Save the Tapes!

Collage of music tape labels by Josh Alan Friedman at Regent Sound in 1974
Labels collected by Josh Alan Friedman at Regent Sound in 1974

This Sunday’s New York Times Magazine cover story revealed the Universal Studios fire that obliterated the repository of master tapes from an American century of music. Bean-counter executives that run the three remaining major labels care little about history. Herein, my own experience in the hopeless pursuit of protecting decaying master tapes–from my book, Tell the Truth the Truth Until They Bleed.

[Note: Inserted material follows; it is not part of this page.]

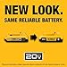 - Premium XR Lithium Ion pack provides up to 60% more capacity than standard DEWALT 20V MAX battery pack (DCB200), 3-LED fuel gauge system of DEWALT battery allows immediate feedback on state of charge, No memory and virtually no self-discharge for maximum productivity and less downtime, Lightweight at 1.4 lbs and compatible with entire line of 20V MAX tools
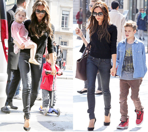 这双Manolo Blahnik经典尖头黑高跟真的是非常百搭。裙子、裤子、亮色、暗色……不论怎样配都如此得体。怪不得贝嫂冒着“只穿一双鞋”的风险,让MB频繁出镜。

Adventures at the Bottom of the Music Trade

Regent Sound Studios, 1974–1976

 

Regent Sound Studios, at 24 West Fifty-seventh Street, was my alma mater. What began as a lucky summer job, fresh out of high school, became a two-year hitch. I dropped out of NYU that fall to maintain the job. It was my entrée into the music business at age nineteen—which never did really open up, shark that I’m not.

Many of the recording industry’s major studios were in midtown Manhattan, within walking distance of the Brill Building on Broadway. They were secretive inner sanctums, their names familiar only from the backs of records: the Record Plant, the Hit Factory, Columbia Studios, Atlantic, RCA, Bell Sound, Media Sound. If you worked at one, you were privy to all, going beyond the reception areas when transferring tapes or equipment.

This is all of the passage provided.